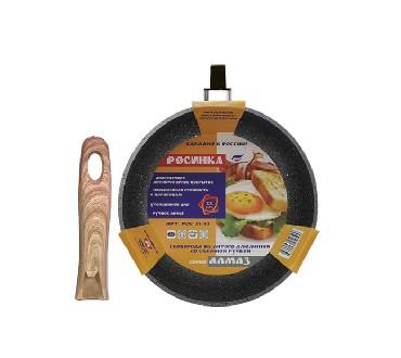 Серия Серый Гранит. Сковорода ГЛУБОКАЯ O 22 см, h=5,5 см, толщина стенок 4 мм, толщина дна 6 мм. ВНУТРЕННЕЕ 4-х СЛОЙНОЕ АНТИПРИГАРНОЕ ПОКРЫТИЕ QuanTanium С ГРАНИТНОЙ КРОШКОЙ, внешнее антирпигарное покрытие, литой алюминий, прорезиненная съемная ручка "под дерево".
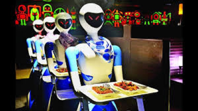 يقدم الثلاثي الآلي أيمي وآكر وجيمس المشروبات لرواد المطعم بما يقلل تحركات الموظفين البشر في أنحاء المكان.
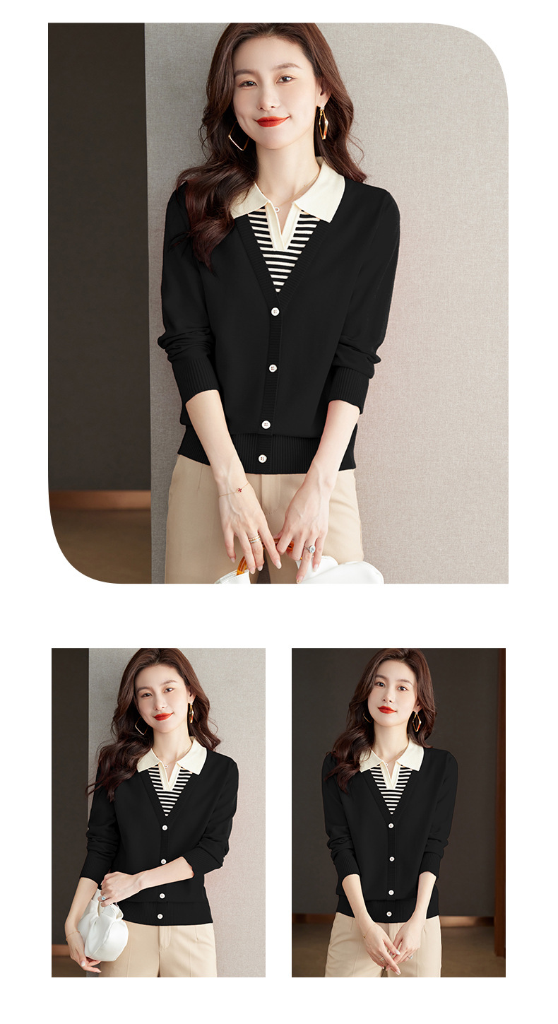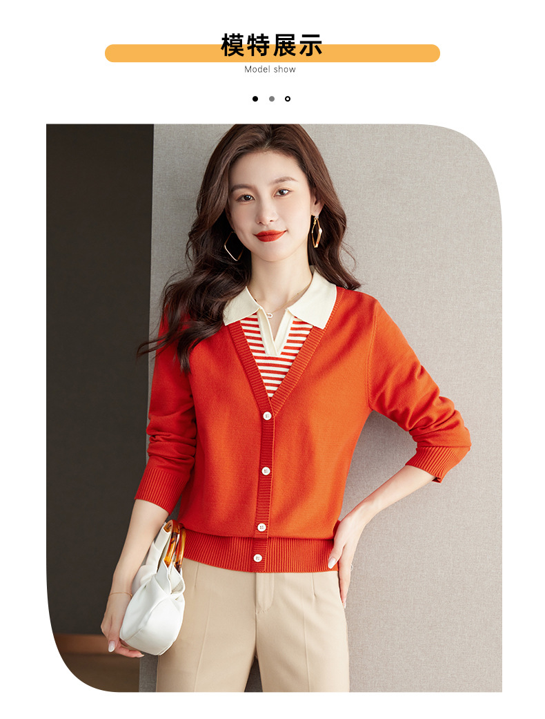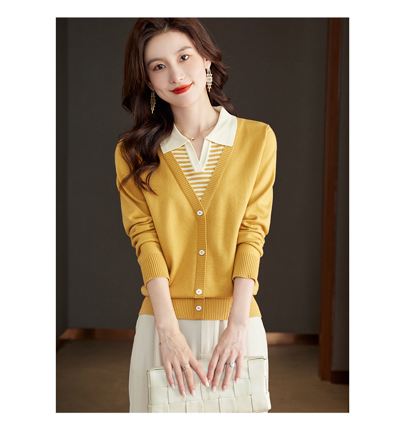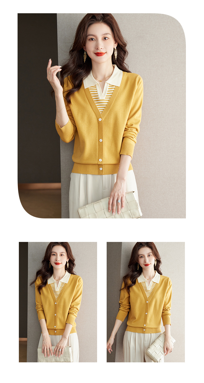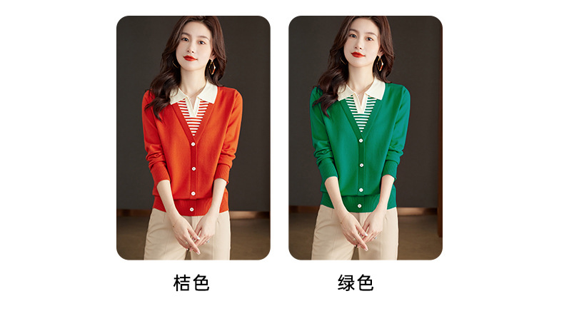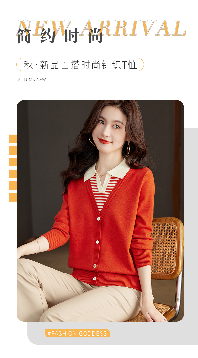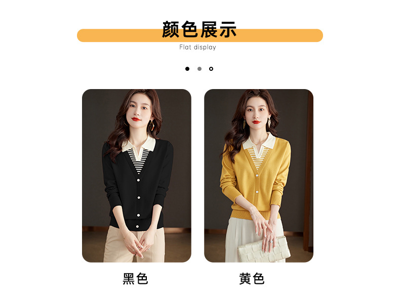" 丁摩 假两件上衣女秋季韩系毛衣洋气翻领针织打底衫女3ZF-SMZ9809"
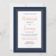 Este design simples, clássico e minimalista apresenta os primeiros nomes da noiva e do noivo na fonte moderna de exibição de coral e o texto restante em marinho azul ou coral em um retângulo branco enquadrado por uma fina linha de coral. A borda/fundo e o verso são azuis marinhos sólidos.
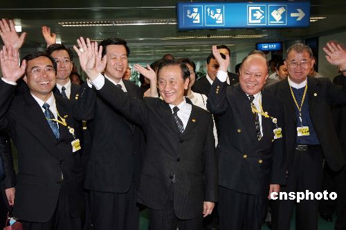 臺灣新黨主席郁慕明率領(lǐng)的新黨“民族之旅”訪問團七月七日下午抵達南京,在機場受到熱烈歡迎。作者:毛建軍
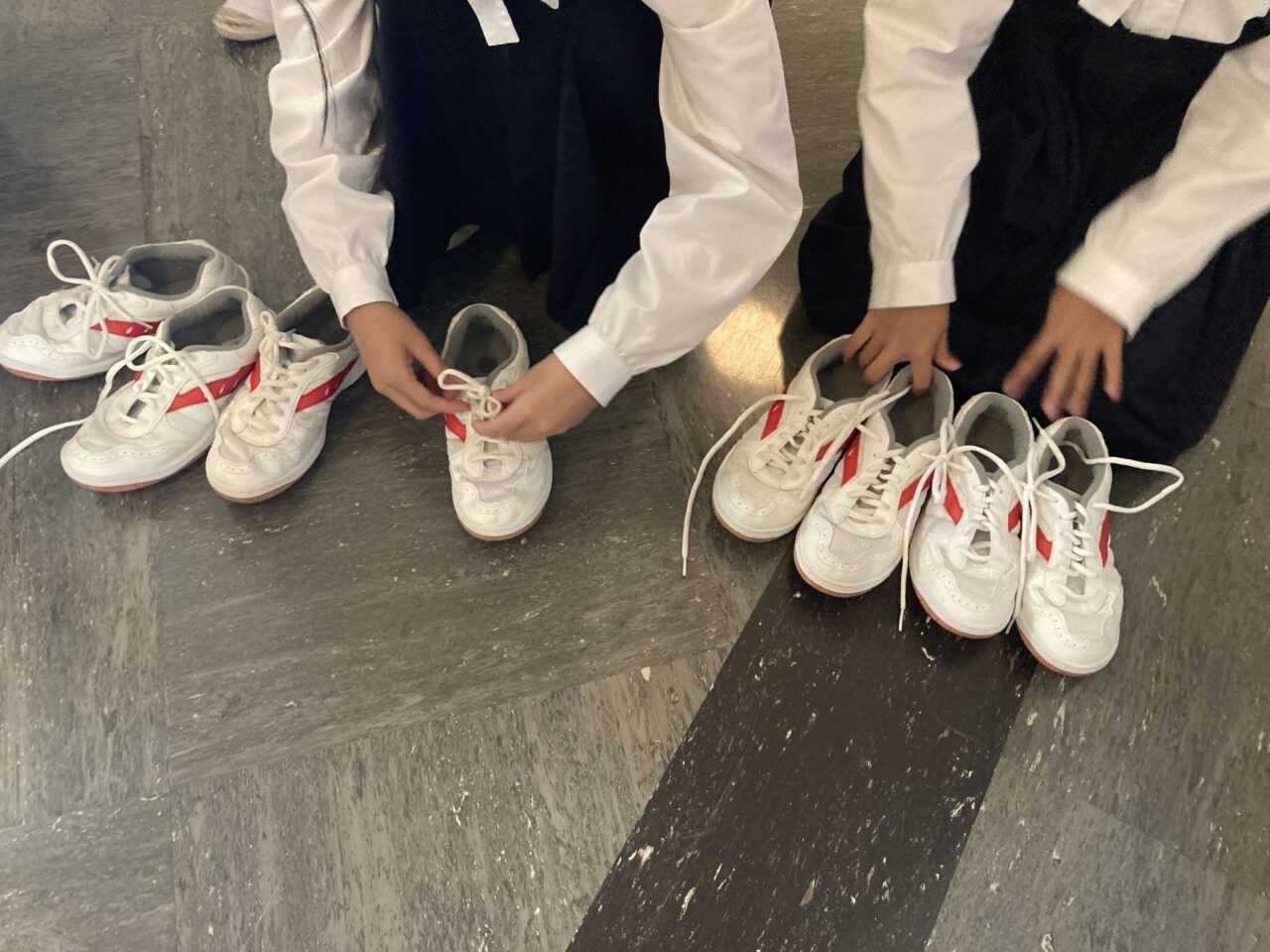 また、自分たちの体育館シューズの足サイズ(滑る物体の表面積)の違いで実験している班もありました。
● ● ● ●
● Required action
Transcribe the records above exactly and drop every picture.

● Result for this exercise
 Серия Серый Гранит. Сковорода ГЛУБОКАЯ O 22 см, h=5,5 см, толщина стенок 4 мм, толщина дна 6 мм. ВНУТРЕННЕЕ 4-х СЛОЙНОЕ АНТИПРИГАРНОЕ ПОКРЫТИЕ QuanTanium С ГРАНИТНОЙ КРОШКОЙ, внешнее антирпигарное покрытие, литой алюминий, прорезиненная съемная ручка "под дерево".
 يقدم الثلاثي الآلي أيمي وآكر وجيمس المشروبات لرواد المطعم بما يقلل تحركات الموظفين البشر في أنحاء المكان.
" 丁摩 假两件上衣女秋季韩系毛衣洋气翻领针织打底衫女3ZF-SMZ9809"
 Este design simples, clássico e minimalista apresenta os primeiros nomes da noiva e do noivo na fonte moderna de exibição de coral e o texto restante em marinho azul ou coral em um retângulo branco enquadrado por uma fina linha de coral. A borda/fundo e o verso são azuis marinhos sólidos.
 臺灣新黨主席郁慕明率領(lǐng)的新黨“民族之旅”訪問團七月七日下午抵達南京,在機場受到熱烈歡迎。作者:毛建軍
 また、自分たちの体育館シューズの足サイズ(滑る物体の表面積)の違いで実験している班もありました。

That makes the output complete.